Ação Direta de Inconstitucionalidade que está em trâmite na Corte pretende invalidar parte da lei que permite que agência exclua de maneira genérica uma substância dos produtos brasileiros
São Paulo - A Agência Nacional de Vigilância Sanitária (Anvisa) pode perder o direito de proibir de forma genérica a importação e a utilização de alguns tipos de substâncias pela indústria, segundo especialistas.
Na visão deles, é grande a chance de o Supremo Tribunal Federal (STF) declarar inconstitucional a prática adotada pela agência após julgar uma Ação Direta de Constitucionalidade (ADI) referente à Lei 9.782/99, que trata das atribuições da agência reguladora. O processo tem relatoria da ministra Rosa Weber.
A ação impetrada pela Confederação Nacional da Indústria (CNI) visa garantir que a Anvisa tenha apenas uma atribuição de polícia em caráter excepcional e temporário. Assim, a agência teria que fazer uma análise particular para evitar que um composto com efeitos nocivos em determinado produto e benéfico ou neutro em outro não sofra uma exclusão completa do mercado.
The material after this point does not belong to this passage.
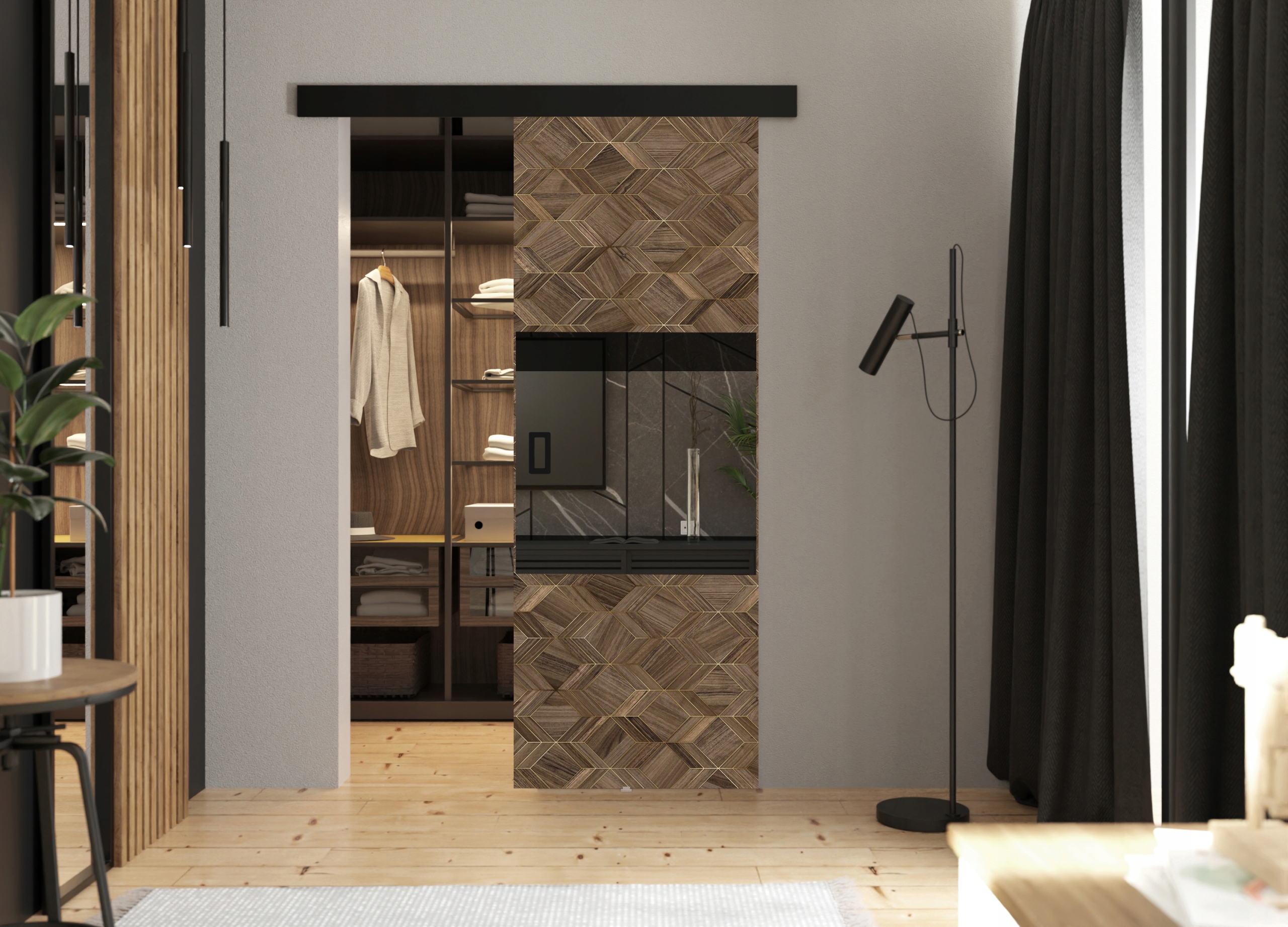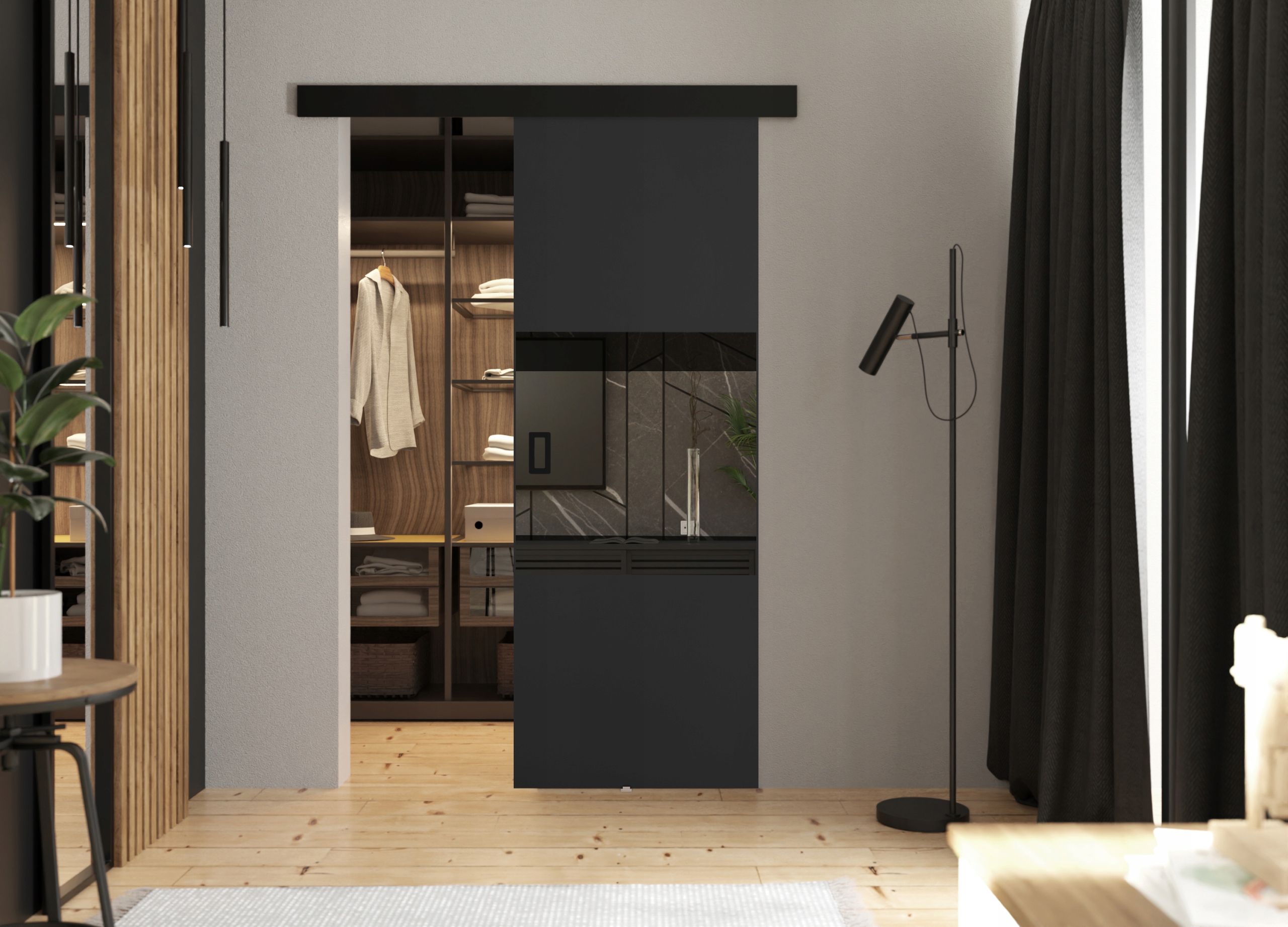Раздвижные двери наверняка оценят люди, которые хотят, чтобы их квартира была просторной и современной. Зеркало и декоративное черное стекло, расположенное на поверхности дверей, делают их идеальным решением для современных квартир.

De acordo com o sócio do escritório Lodovico Advogados, João Roberto Ferreira Franco, as agências no Brasil atuam de maneira muito engessada, até mesmo por falta de mão-de-obra. "Muitas análises são feitas de forma genérica. A agência deveria regular de forma técnica cada produto, não determinar que uma substância é ruim sempre", avalia especialista.
Franco cita o caso da cannabis sativa - erva popularmente conhecida como maconha - que em maio, após muita pressão da sociedade foi reclassificada na categoria de plantas medicinais. Antes, a comercialização era proibida pela Anvisa em qualquer situação.
"A reavaliação da cannabis, foi uma análise mais técnica, porque a substância foi autorizada para medicamentos, mas não para uso recreativo, por exemplo. A Anvisa tem que ter mais decisões como essa, levando em consideração o caso a caso", afirma.
Com a revisão da Anvisa, o medicamento Mevatyl, que é fabricado a partir de extratos isolados da cannabis teve seu registro concedido no Brasil e o livre comércio. O produto é indicado para o tratamento de adultos com espasmos relacionados à esclerose múltipla.
Já a sócia do Andrade Maia Advogados, Carolina Lisboa, defende que a Anvisa só tem competência para proibir produtos se ficar comprovado que riscos à saúde, conforme a Lei 9.782, que criou a agência.
"Tem que ser feita uma demonstração clara e com embasamento científico de que um produto faz mal à saúde", destaca a advogada.
Impactos
De acordo com Franco, a Anvisa precisa ter uma visão mais econômica. "Nenhum órgão poderia decidir de forma genérica sobre o mercado se a Constituição for seguida. A Anvisa está sendo autorizada a fazer algo que a Constituição não autoriza", avalia Franco.
Para o advogado, a atuação da agência poderia ser melhor regulamentada, seja pela edição de uma nova lei, seja pela construção de uma jurisprudência nova no STF. Na visão dele, se os ministros aprovarem a inconstitucionalidade da lei, o impacto para indústrias de diversos setores será muito positivo, uma vez que as fábricas não serão mais impedidas de produzir apenas em razão das moléculas e insumos presentes na composição dos produtos. "Por conta do efeito econômico às empresas, o STF deve decidir pela inconstitucionalidade [da lei que criou a Anvisa em 1999]", disse.
Além disso, o sócio do Ludovico Advogados espera uma maior segurança jurídica no País caso os ministros aceitem a ADI. "Quando as coisas ficam mais claras e não há contradição entre a Constituição e uma lei, é bom para o País".
Procuradas, Anvisa e CNI não responderam até o fechamento desta reportagem.